(Extracted data entries)
=====

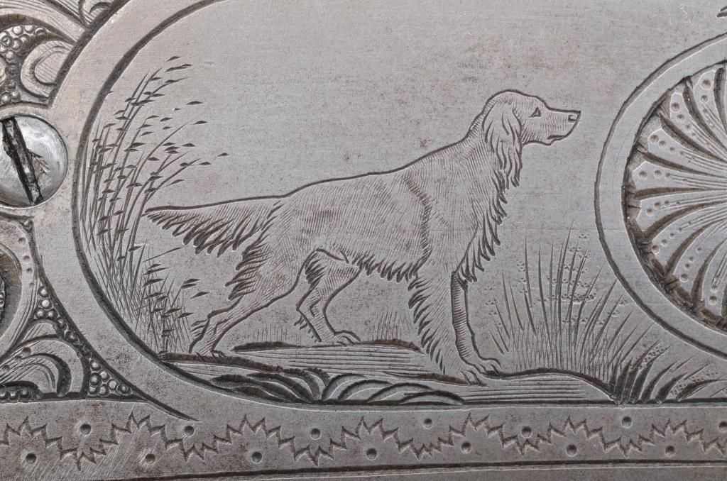 Deluxe factory engraved Marlin Model 1893 lever action rifle, .30-30 cal., takedown, 20” octagon barrel, blue and case hardened finish, ¾ magazine, deluxe checkered wood stocks, #163068. This gun is in overall finecondition showing the majority of its original blue finish on the Special Smokeless Steel-marked barrel; scattered areas of original case colors on the receiver, hammer, lever and crescent butt plate; crisp action, sharp markings, fine bore; extensive engraving on receiver, barrel at breech, fore end cap and butt plate including two finely accomplished panels scenes, one of a hunting dog on the right side of the frame and theother of a mountain lion on the left side; the wood is overall fine with better-than-standard graining and checkered diamond accenting to both sides of the butt stock wrist. A beautifully engraved deluxeMarlin accompanied by a folder with lots of information on the Model 1893 from Brophy’s book “Marlin Firearms, A History of the Guns and The Company that Made Them” including information on page 531 of the book that
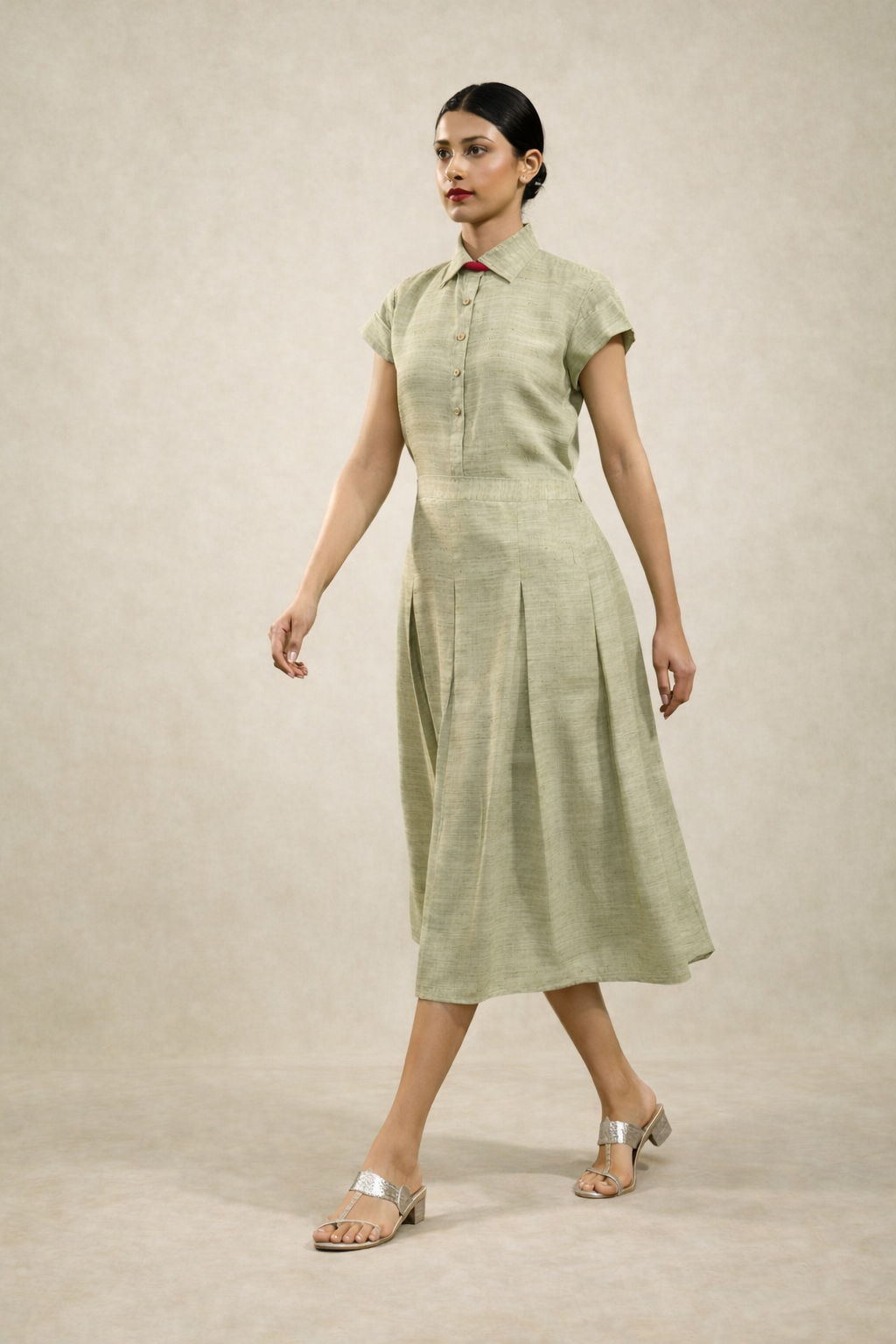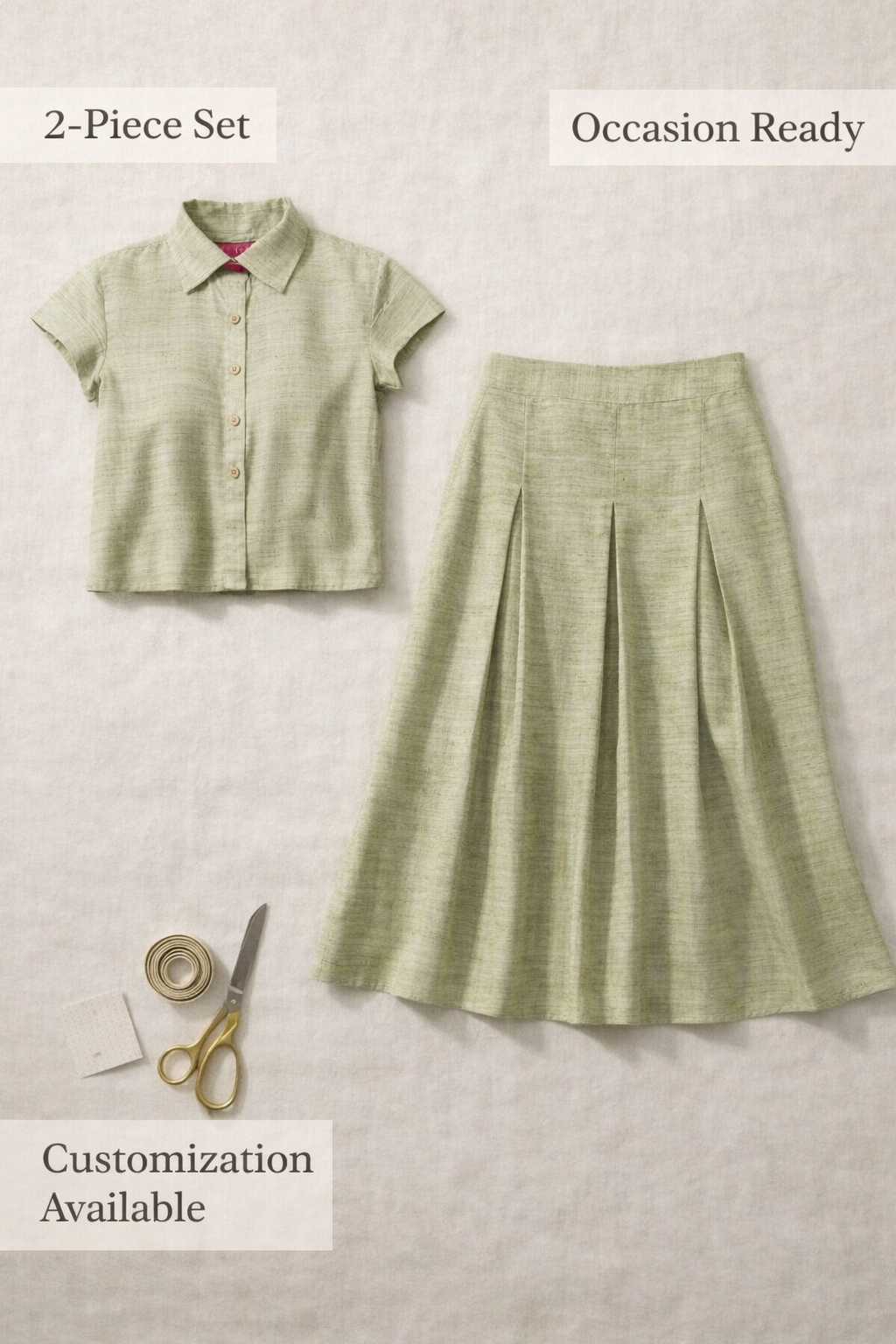 Embrace the serene elegance of nature with our Olive Green Pleated Skirt Set, a poetic blend of structured sophistication and artisanal charm. Meticulously tailored from 100% viscose khadi, this ensemble reconciles the rustic allure of hand-woven textures with a contemporary, fluid drape. The refined shirt, featuring a sharp collar and subtle contrast accents, pairs seamlessly with the midi-length skirt, where architectural box pleats create a sense of graceful movement. Effortlessly chic and endlessly comfortable, it is the ultimate expression of understated luxury for the modern woman’s wardrobe.
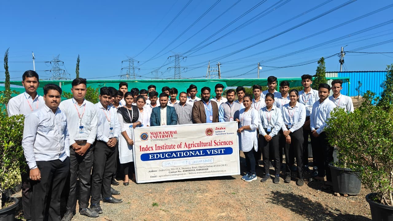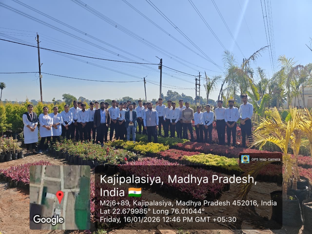 The Index Institute of Agricultural Sciences successfully organized an educational Nursery Visit on 16 January 2026, designed to provide students with practical exposure to modern nursery management and plant propagation techniques. The visit was conducted under the guidance of Additional Director Agriculture Dr. Rajendra Singh, along with faculty members Dr. Shivam Kumar Verma (HOD), Dr. Ajay Kumar Gour, and Dr. Rohit Kumar. A total of 80 students and 5 staff members participated, gaining valuable insights into both ornamental and fruit plant production. The initiative aimed to complement classroom learning with hands-on experience, helping students understand the critical role of quality planting material in sustainable agriculture.
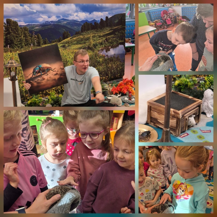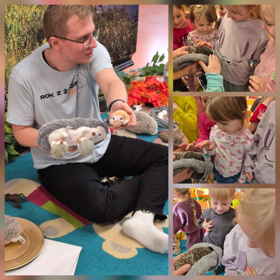 Warsztaty przyrodnicze "Rok z życia jeża". Podczas tego spotkania dzieci dowiedziały się jak wygląda jego życie w poszczególnych porach roku. Poznały zwyczaje jeża, jego środowisko oraz sposób przygotowania do zimy. Dzieci rozwiały tym zainteresowanie przyrodą.
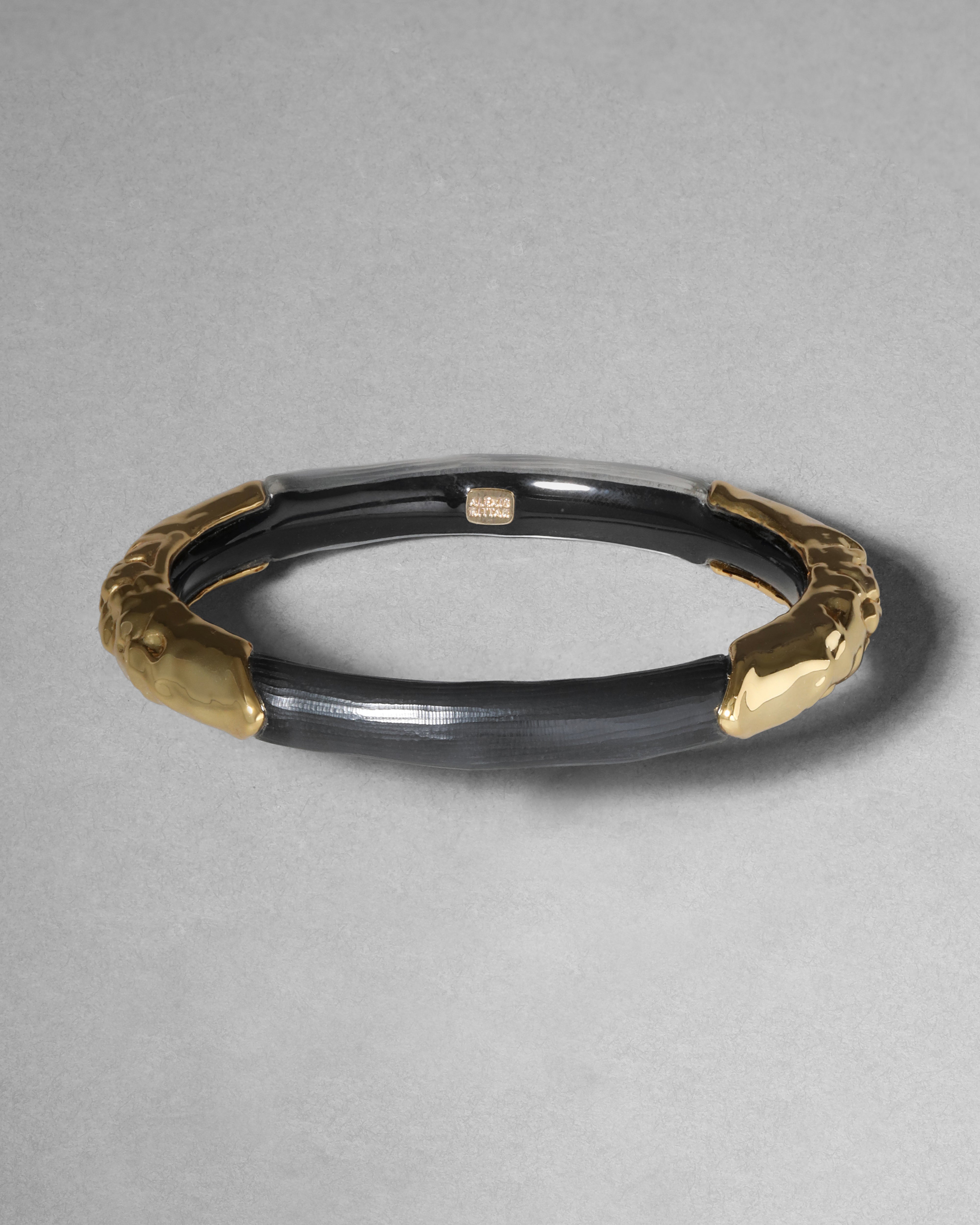 With a 1970s Brutalist inspired design, this hand-sculpted Lucite bangle has a slim silhouette. Hand-painted in classic black and finished with textured 14k gold plated metalwork.
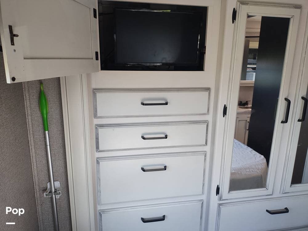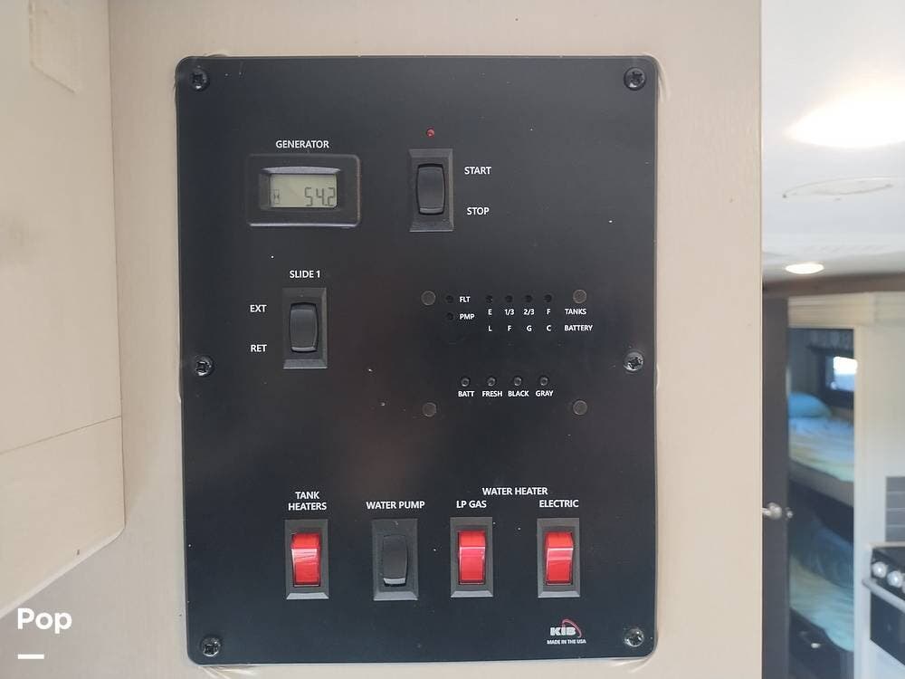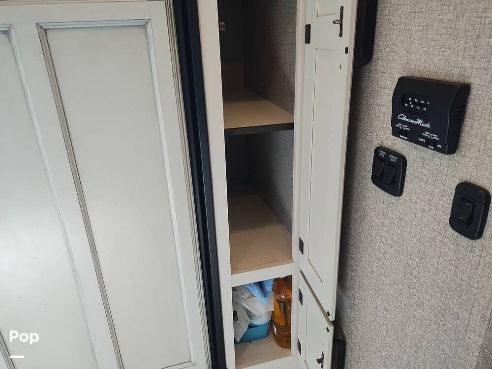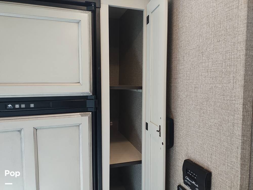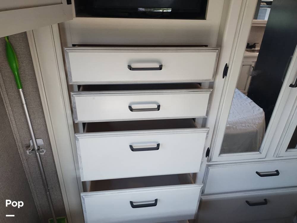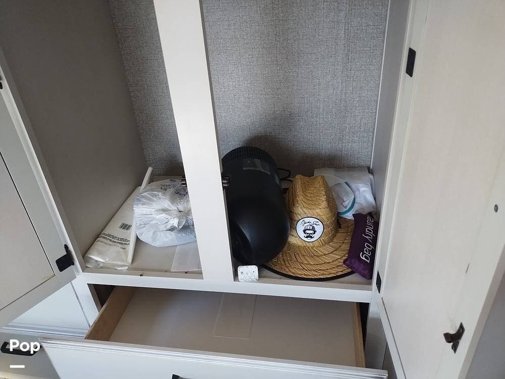 It features one queen bed in the rear bedroom and one cab-over bed with an industry-leading 750 lb. rating, which can remain ready for use. The driver's side bunk area, opposite the bath, features lights and power for a monitor or tablet, along with a privacy curtain and large storage drawers under the lower bunk. The dinette converts to an overflow sleeping area, and the sofa converts to a full-size bed.
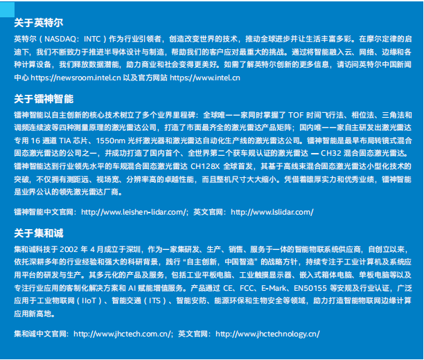 此次鐳神智能與英特爾及集合誠(chéng)的合作,加速了相關(guān)產(chǎn)品與解決方案的研發(fā),有利于促進(jìn)基于車聯(lián)網(wǎng)的車路協(xié)同方案早日實(shí)現(xiàn)商用。
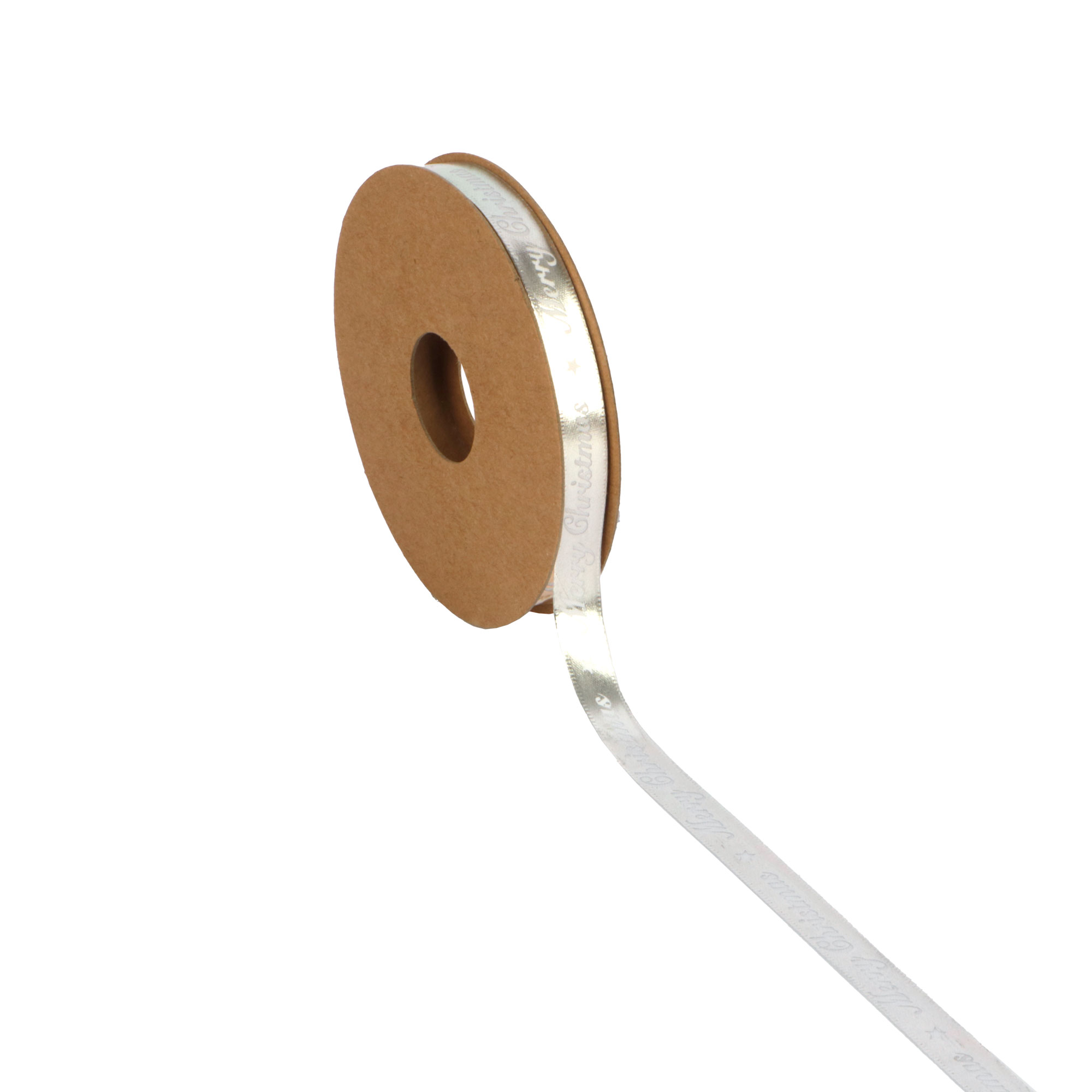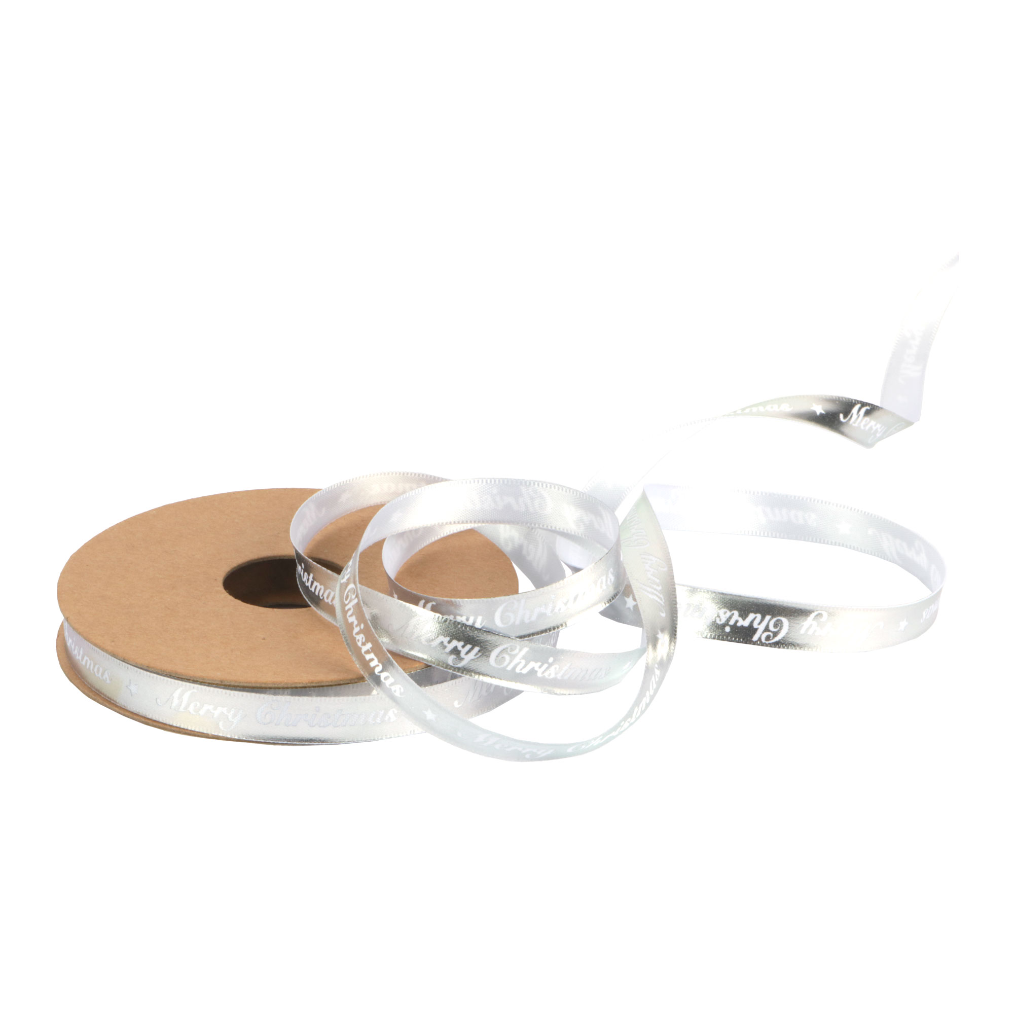 - Rol satijnlint 10 mm 20 mtr Merry Christmas glimmend zilver

=====

* [The problem] Set every record down again verbatim, without pictures.

* [Task response]
 Deluxe factory engraved Marlin Model 1893 lever action rifle, .30-30 cal., takedown, 20” octagon barrel, blue and case hardened finish, ¾ magazine, deluxe checkered wood stocks, #163068. This gun is in overall finecondition showing the majority of its original blue finish on the Special Smokeless Steel-marked barrel; scattered areas of original case colors on the receiver, hammer, lever and crescent butt plate; crisp action, sharp markings, fine bore; extensive engraving on receiver, barrel at breech, fore end cap and butt plate including two finely accomplished panels scenes, one of a hunting dog on the right side of the frame and theother of a mountain lion on the left side; the wood is overall fine with better-than-standard graining and checkered diamond accenting to both sides of the butt stock wrist. A beautifully engraved deluxeMarlin accompanied by a folder with lots of information on the Model 1893 from Brophy’s book “Marlin Firearms, A History of the Guns and The Company that Made Them” including information on page 531 of the book that
 Embrace the serene elegance of nature with our Olive Green Pleated Skirt Set, a poetic blend of structured sophistication and artisanal charm. Meticulously tailored from 100% viscose khadi, this ensemble reconciles the rustic allure of hand-woven textures with a contemporary, fluid drape. The refined shirt, featuring a sharp collar and subtle contrast accents, pairs seamlessly with the midi-length skirt, where architectural box pleats create a sense of graceful movement. Effortlessly chic and endlessly comfortable, it is the ultimate expression of understated luxury for the modern woman’s wardrobe.
 The Index Institute of Agricultural Sciences successfully organized an educational Nursery Visit on 16 January 2026, designed to provide students with practical exposure to modern nursery management and plant propagation techniques. The visit was conducted under the guidance of Additional Director Agriculture Dr. Rajendra Singh, along with faculty members Dr. Shivam Kumar Verma (HOD), Dr. Ajay Kumar Gour, and Dr. Rohit Kumar. A total of 80 students and 5 staff members participated, gaining valuable insights into both ornamental and fruit plant production. The initiative aimed to complement classroom learning with hands-on experience, helping students understand the critical role of quality planting material in sustainable agriculture.
 Warsztaty przyrodnicze "Rok z życia jeża". Podczas tego spotkania dzieci dowiedziały się jak wygląda jego życie w poszczególnych porach roku. Poznały zwyczaje jeża, jego środowisko oraz sposób przygotowania do zimy. Dzieci rozwiały tym zainteresowanie przyrodą.
 With a 1970s Brutalist inspired design, this hand-sculpted Lucite bangle has a slim silhouette. Hand-painted in classic black and finished with textured 14k gold plated metalwork.
 It features one queen bed in the rear bedroom and one cab-over bed with an industry-leading 750 lb. rating, which can remain ready for use. The driver's side bunk area, opposite the bath, features lights and power for a monitor or tablet, along with a privacy curtain and large storage drawers under the lower bunk. The dinette converts to an overflow sleeping area, and the sofa converts to a full-size bed.
 此次鐳神智能與英特爾及集合誠(chéng)的合作,加速了相關(guān)產(chǎn)品與解決方案的研發(fā),有利于促進(jìn)基于車聯(lián)網(wǎng)的車路協(xié)同方案早日實(shí)現(xiàn)商用。
 - Rol satijnlint 10 mm 20 mtr Merry Christmas glimmend zilver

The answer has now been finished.